[Your objective] Only the lines from the beginning of the listing below through the line with "Desde sus historias, sin" belong in the answer; please print them exactly and drop the pictures.
*** Opening of Dataset records ***
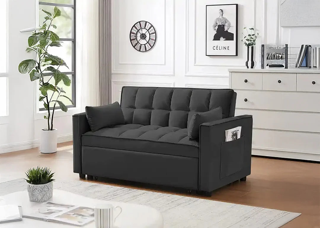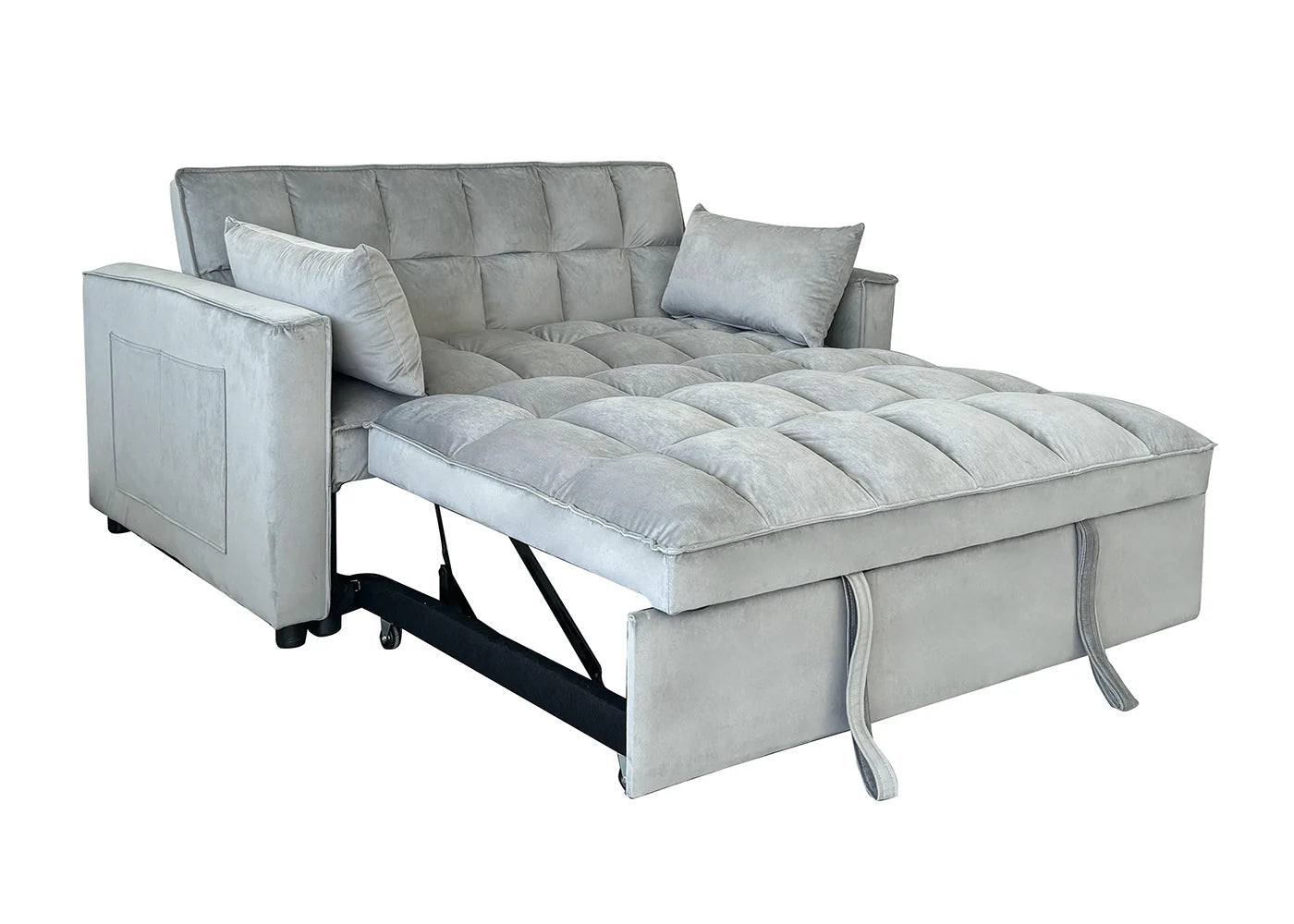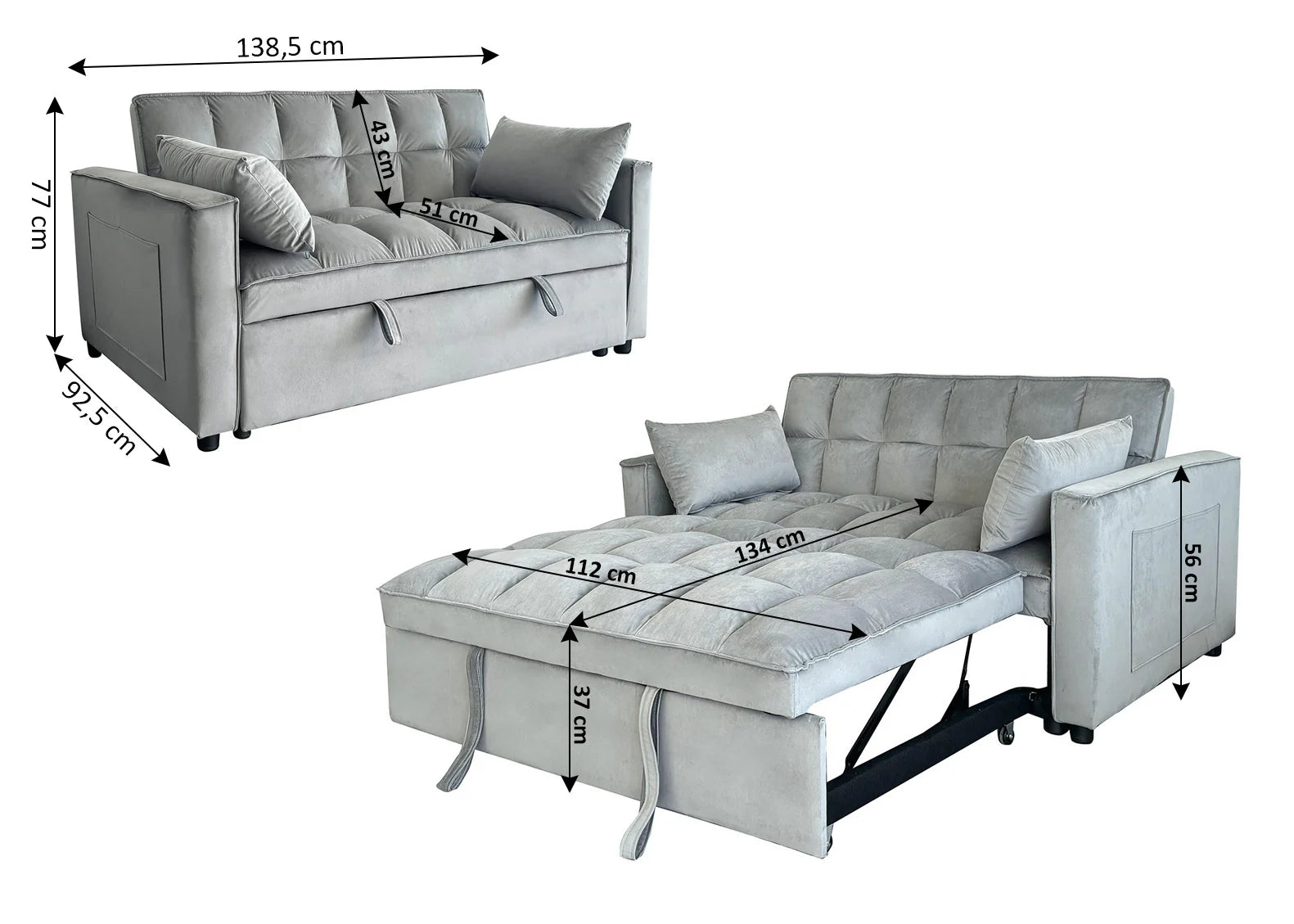 Este sofá cama de matrimonio es la combinación perfecta de elegancia, confort y funcionalidad en un solo mueble. Su moderno diseño tapizado en un sofisticado tejido terciopelo se adapta a cualquier espacio y su mecanismo de apertura deslizante la convierte fácilmente en una amplia y cómoda cama. Es ideal para salones, apartamentos o habitaciones de invitados, además de tener medidas compactas y gran comodidad para tu hogar. ¡No pierdas la oportunidad de tener la mejor combinación entre estilo y funcionalidad en tu hogar! Fácil montaje.
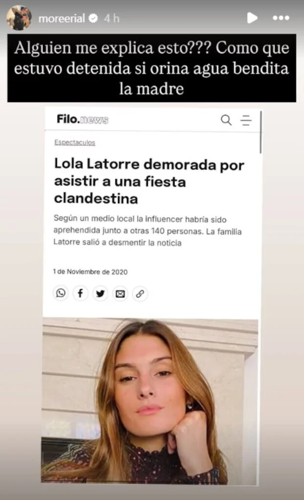 Desde sus historias, sin dar nombre pero dejando en claro que se refería a Lola Latorre, Morena posteó la captura de una noticia de noviembre de 2020 cuando estando en pandemia la modelo e influencer asistió a una fiesta clandestina y, sobre esta escribió: “¿Alguien me explica esto? Como que estuvo detenida si orina agua bendita como la madre”.
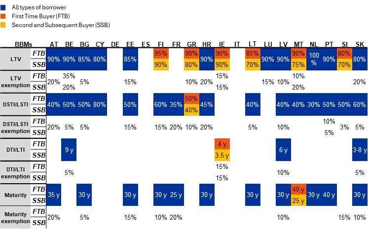 Notes: Only housing loans are considered. Austria: loan-to-collateral (LTC) limits are considered instead of LTV. Belgium: LTV exemption rates refer to first-time buyers (FTB) and second and subsequent buyers (SSB). DSTI and DTI measures are computed as follows: DSTI>50% x LTV>90% (+5% exemption) and DTI>9 x LTV>90% (+5% exemption). Bulgaria: the 5% exemption applies to all three limits (LTV, DSTI and maturity) simultaneously. Ireland: the LTV and loan-to-income (LTI) exemption rates refer to FTB/SSB and buy-to-let (BTL) loans. The LTV limit for BTL loans is 70%, with an exemption of up to 10%. Finland: the LTC limit is considered instead of LTV. Croatia: the table includes announced measures that will be implemented as of 1 July 2025. Luxembourg: LTV for other residential real estate loans, including BTL loans, is 80%, with no exemption. Latvia: LTV limit for BTL loans is 70%. Malta: a distinction is made between category I and category II borrowers for the LTV exemption. An exemption rate of 10% applies to category I borrowers and a 20% exemption rate applies to category II borrowers. Portugal: for the DSTI exemption, 10% of loans can be granted to borrowers with a DSTI of up to 60%, while 5% of total loans can be granted to borrowers with a DSTI above 60%. Slovakia: for the LTV exemption, the LTV ratio may be up to 90% for up to 20% of new loans. Slovenia: up to 15% of consumer loans may have a maturity of up to 120 months if compliant with the DSTI cap.
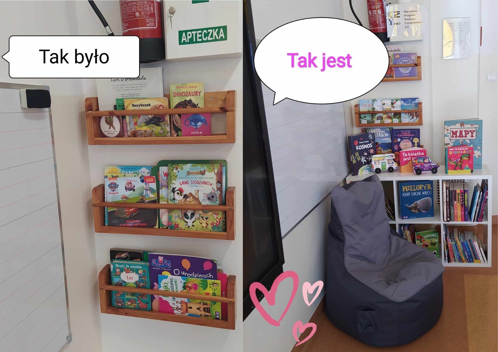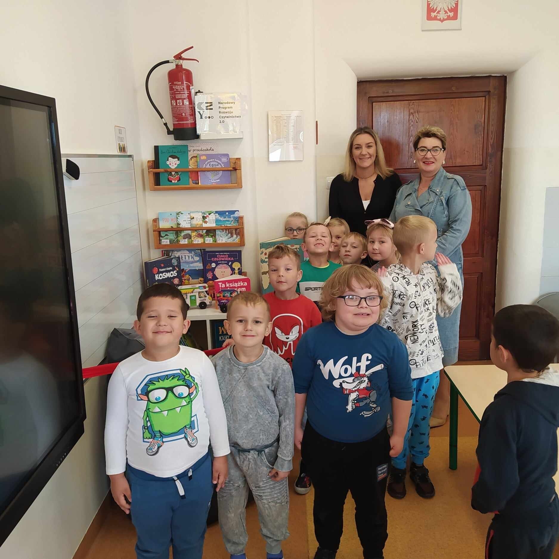 W Dniu Głośnego Czytania dzieci z oddziału przedszkolnego miały wielkie święto. W ramach uzyskanego dofinansowania na realizację Narodowego Programu Rozwoju Czytelnictwa otwarto nowy kącik czytelniczy, do którego zakupiono 90 nowości wydawniczych. Symbolicznego przecięcia wstęgi dokonała pani Joanna Kaczmarczyk – dyrektor szkoły wraz z dziećmi.
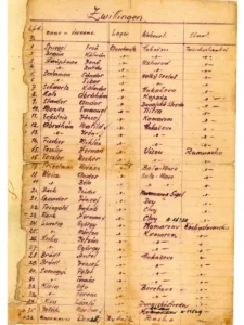 A list of male twins in the Auschwitz-Birkenau concentration camp compiled by Spiegel. (Courtesy of “The Last Twins”)
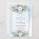 Ideal for formal, modern, or rustic-chic weddings, this dusty blue and gold floral invitation pairs perfectly with matching stationery, RSVP cards, menus, and signage for a cohesive event design.
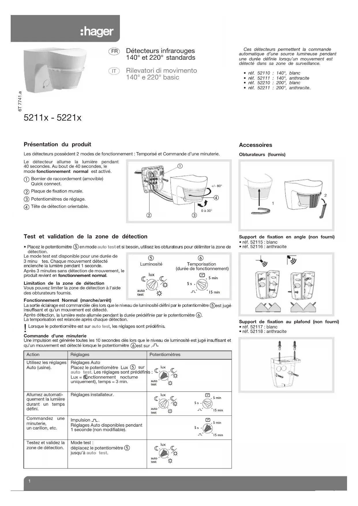 5211x - 5221x Ces détecteurs permettent la commandeautomatique d’une source lumineuse pendantune durée définie lorsqu’un mouvement estdétecté dans sa zone de surveillance.• réf. 52110 : 140°, blanc• réf. 52111 : 140°, anthracite• réf. 52210 : 200°, blanc• réf. 52211 : 200°, anthracite.
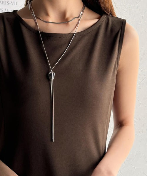 首元をすっきり見せるシンプルなボートネックデザインは、
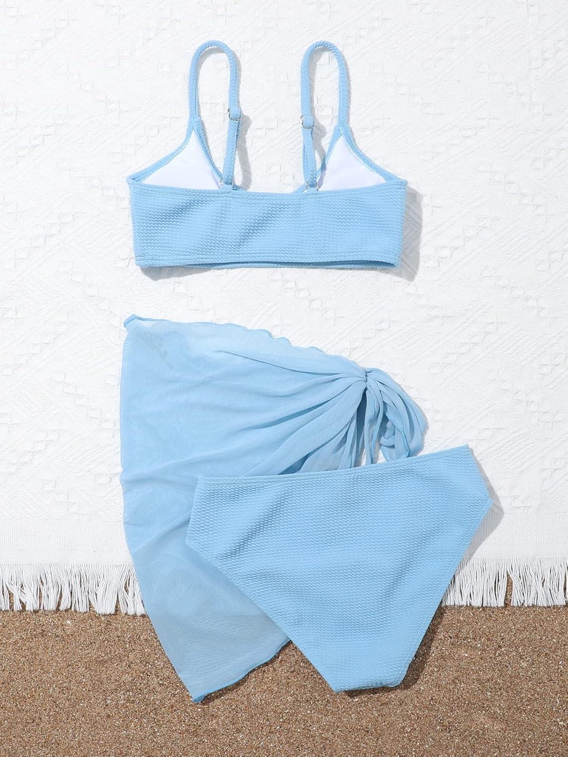 OYOANGLE Girl's 3 Piece Swimsuit Sets Solid Spaghetti Strap Bikini Swimsuit with Beach Skirt(Blue)
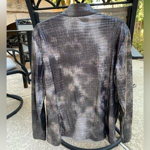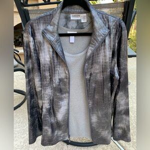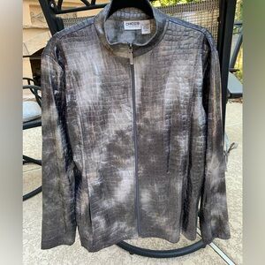 Chicos Silver / Black Crocodile zippered jacket. (Jacket only), Worn once. Stretchy. Metallic accents in fabric. Sleeves can be worn long, pushed up or cuffed-up however you desire.
*** Close of Dataset records ***
[Answer box]
 Este sofá cama de matrimonio es la combinación perfecta de elegancia, confort y funcionalidad en un solo mueble. Su moderno diseño tapizado en un sofisticado tejido terciopelo se adapta a cualquier espacio y su mecanismo de apertura deslizante la convierte fácilmente en una amplia y cómoda cama. Es ideal para salones, apartamentos o habitaciones de invitados, además de tener medidas compactas y gran comodidad para tu hogar. ¡No pierdas la oportunidad de tener la mejor combinación entre estilo y funcionalidad en tu hogar! Fácil montaje.
 Desde sus historias, sin dar nombre pero dejando en claro que se refería a Lola Latorre, Morena posteó la captura de una noticia de noviembre de 2020 cuando estando en pandemia la modelo e influencer asistió a una fiesta clandestina y, sobre esta escribió: “¿Alguien me explica esto? Como que estuvo detenida si orina agua bendita como la madre”.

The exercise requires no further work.